Exam 3: Essential Public Key Infrastructure

Digital signature provides not only data origin authentication but also data ____.

Briefly describe the main characteristics of an authority revocation list.

A CA certificate signed by another CA's private key is referred as a(n) ____ .

The ____ is intended for displaying information to a replying party when a certificate is used.

A(n) ____ creates key pairs and also implements backup and recovery of private keys.

____ is a critical extension only applicable for CA certificates.
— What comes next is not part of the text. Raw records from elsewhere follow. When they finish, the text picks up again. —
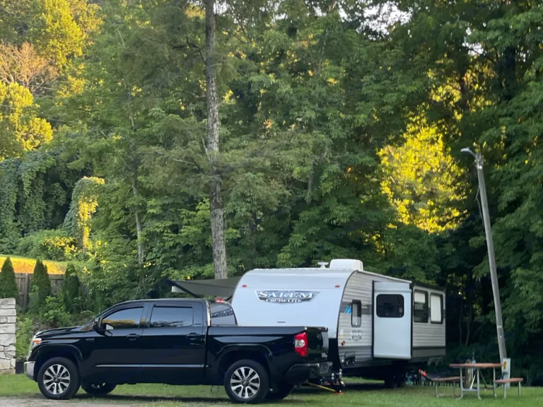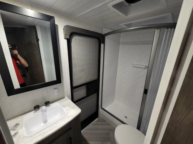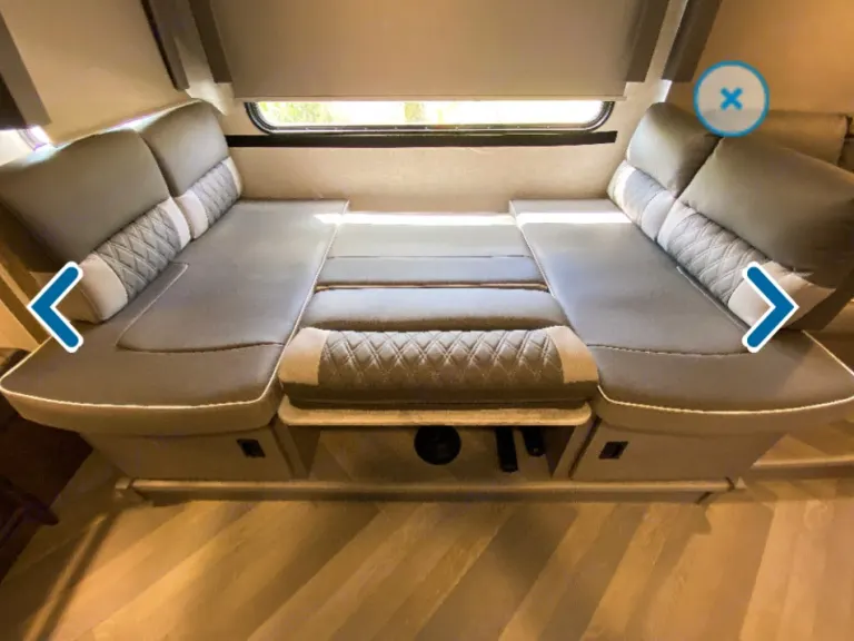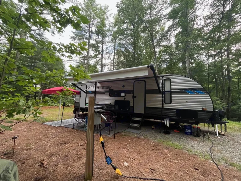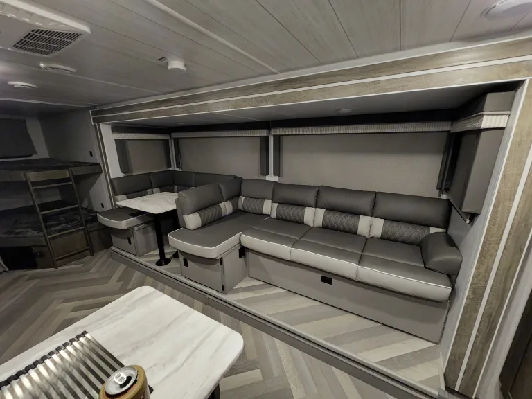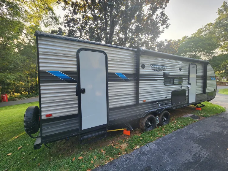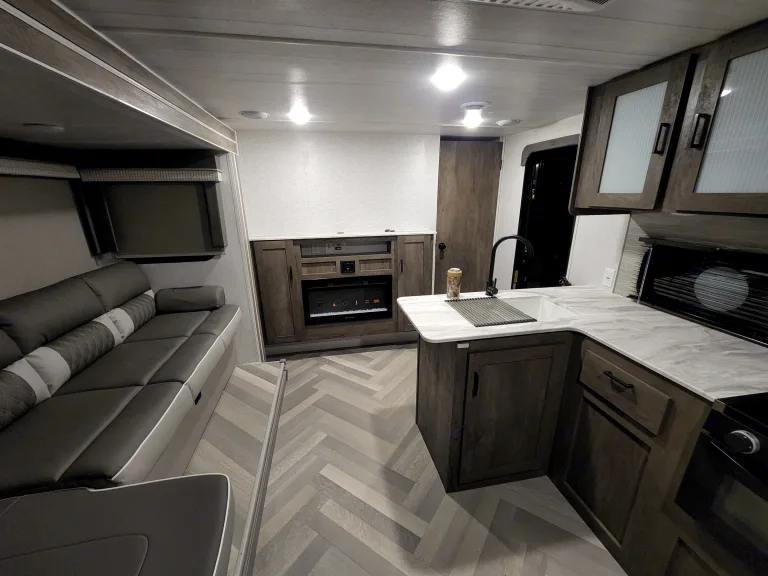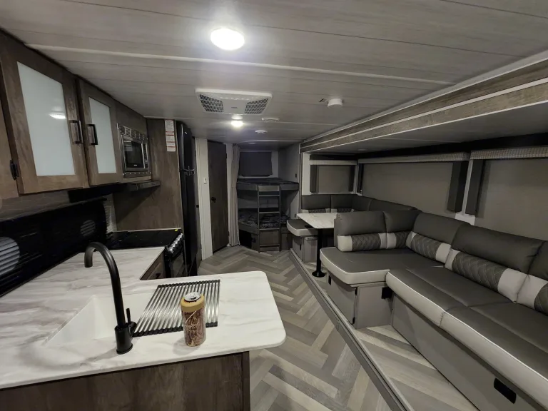 All connect to a 5" monitor and can double as security cameras when not driving.The master bedroom has a solid door for privacy, a memory foam mattress, wall mounted smart TV, storage for clothes & shoes and usb ports on both sides of the bed.The main living area has a jack knife sofa that is really comfortable. The full U shaped dinette gives you space for everyone to eat together. The dinette also converts into a full size bed. A 42" smart TV above the electric fireplace, functions as a heater and lighting. Two ceiling mounted speakers that can be connected to your phone via Bluetooth. Giant windows to let in natural lighting. Tons of storage with included totes under the table and sofa.The kitchen has everything you could possibly need: microwave, 3 burner gas range, gas oven, 11 qu/ft refrigerator & freezer, double sink and a large pantry for groceries. You can easily store enough food to feed a family of four for a week in this thing.The bunk beds are 3/4 width of a full size bed so even an adult has room to sleep.The bathroom has a solid door for privacy as well as a exit door, which is very convenient for not tracking dirt or sand everywhere when you come back in from a day outside. The shower is spacious and the combo gas/electric water heater allows everyone to take warm showers.On the outside there is a hose connection with included hose, outdoor kitchen that has a gas griddle and mini fridge. A 14' awning keeps everyone covered from the elements.All electric, septic & water hookups are in the camper.I have tons of extra accessories and convenience items that I don't have room to list but can tell about when booking the camper.What's includedWater hookup with water filtration system, septic hookup, 30amp electric cables, towel drying rack, spare tire, 3 wired in cameras, digital keypad entry lock with fob, outdoor food prep table, electric torque wrench for leveling jacks, 2 outdoor chairs, outdoor carpets, kitchen utensils, silverware, plates, cups, bowls, pots & pans, broom & dustpan, vacuum, storage totes.Pretty much everything you need is included. Just pack your clothes and personal belongings and you'll be set.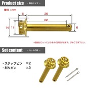 バイク ステップピン ゴールドカラー 2本セット 割りピン付 Φ6×36mm フラワーヘッド ステンレス TH0764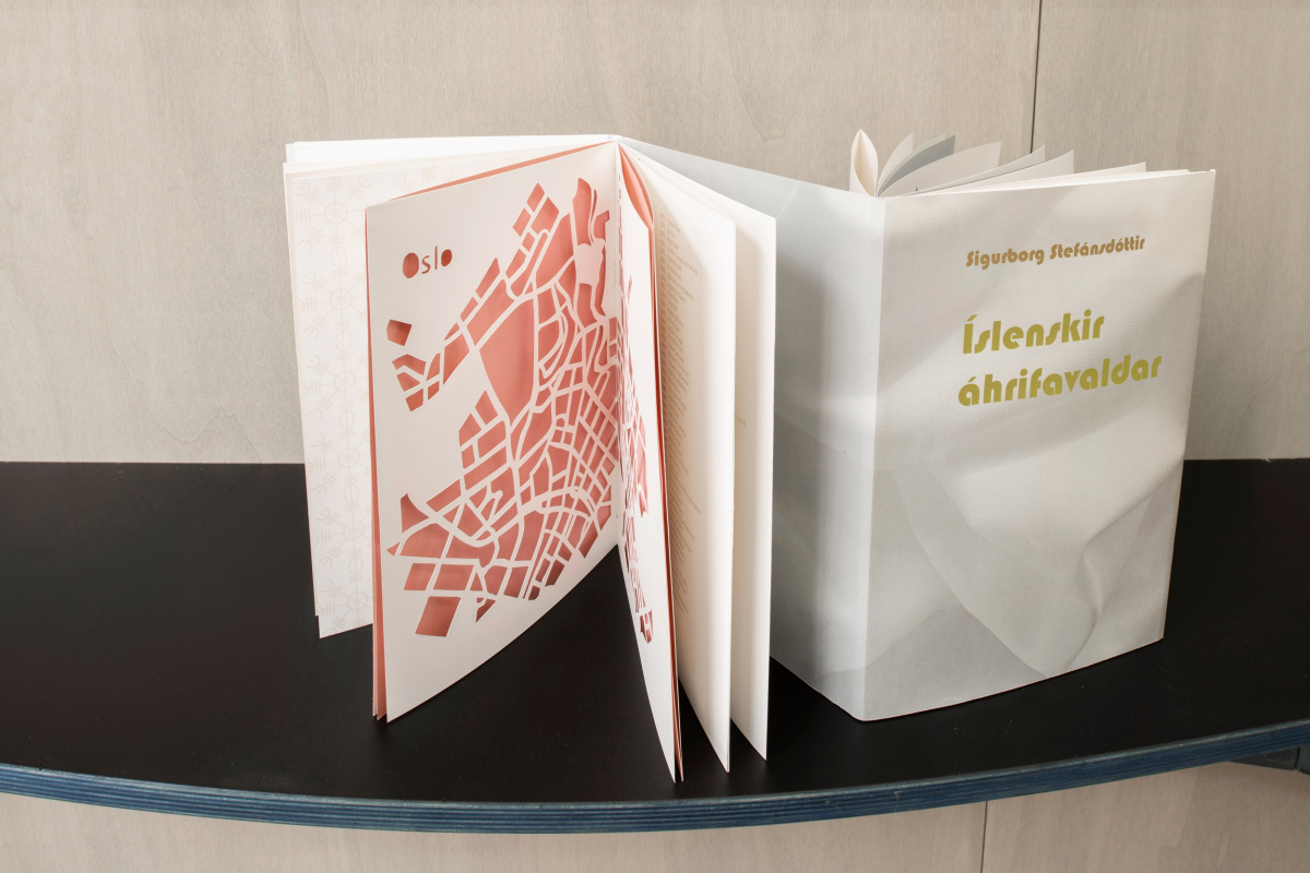 Utstillinga står på Entrée fram til nyåret – då tek bøkene vegen over havet til galleriet Íslensk Grafík i Reykjavik der ho opnar i juni 2022.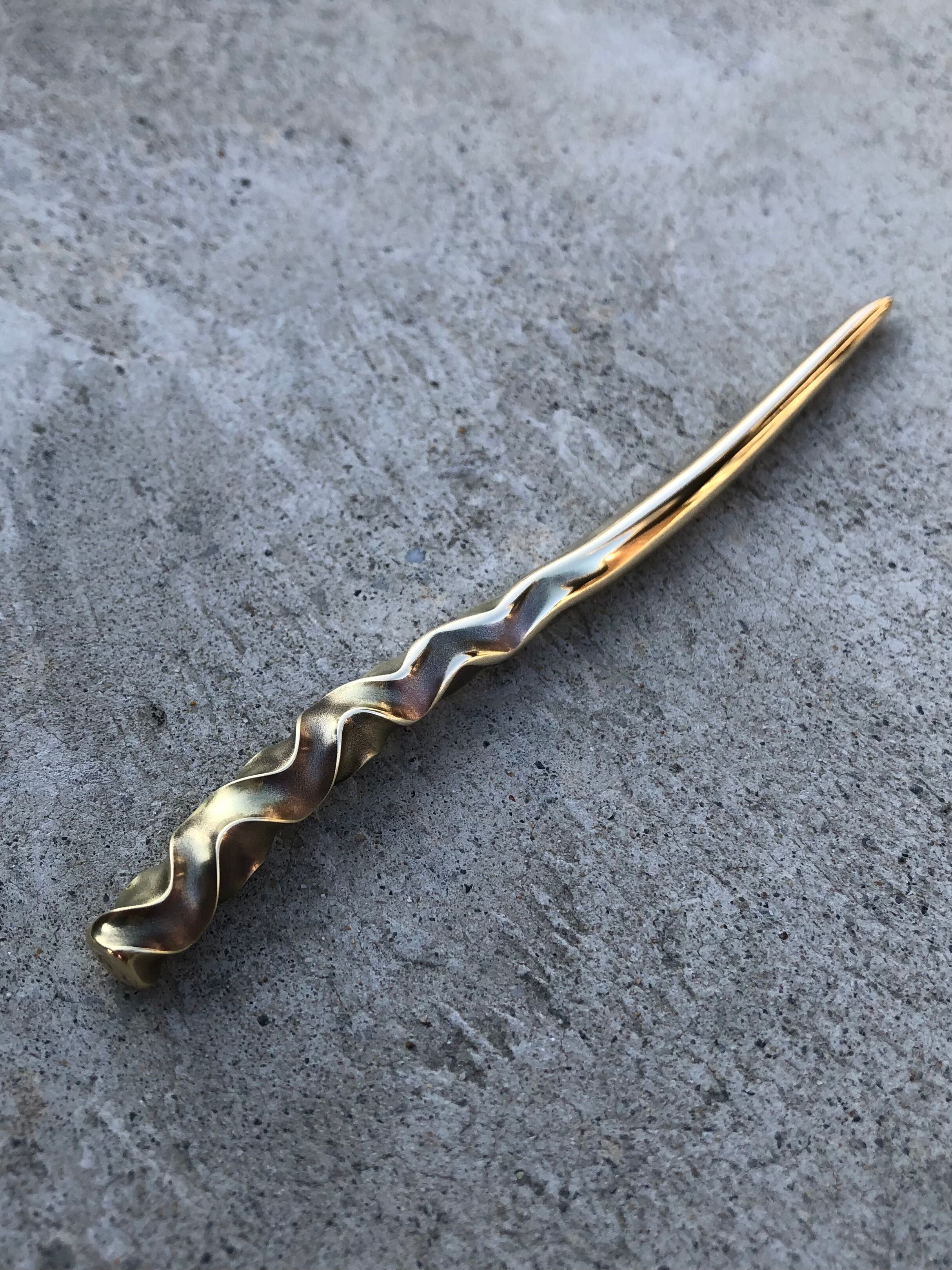 brass curved pattern hair stick large ショート簪 かんざし ヘアスティック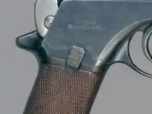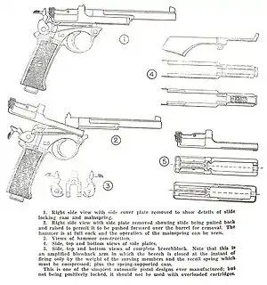 This pistol is one of the most simple of blow-back semi-automatic pistols ever designed. The lockwork is essentially that of an elementary single action revolver. While technically listed as a 'hesitation' lock because of a delaying cam which has some theoretical tendency to slow down the opening of the breech, in actual practice it functions as an unlocked pistol.[1]

It is composed of two fields called permitted subtrees and excluded subtrees.

The ____ phase ensures that the private key and public key certificates created are used correctly and efficiently in the PKI community.

If a CA creates a certificate that is signed by its own private key, it is commonly known as a(n) ____.

____ authentication means that only a single assurance method is used for authentication.

The fundamental premise of public key cryptography is to provide secure communication between strangers.

Key and certificate life cycle management must be in place to enable public key cryptography to be used correctly.

What are the general requirements a security infrastructure must satisfy?

____ is a publishing method in which revocation information is updated and posted for entities in the PKI community to obtain.

____________________ is the assurance that an entity is who it claims to be.

Alice is sending a message to Bob. How can Alice ensure data integrity?

What are the steps required to use a CRL DP?

What are the three most common methods for implementing Delta CRL?

What are the four assurance methods? Give examples of each.

The _________________________ is the centerpiece and the most critical component of a PKI.

The PKIX Working Group was established in the fall of 1995 under the standard organization ____.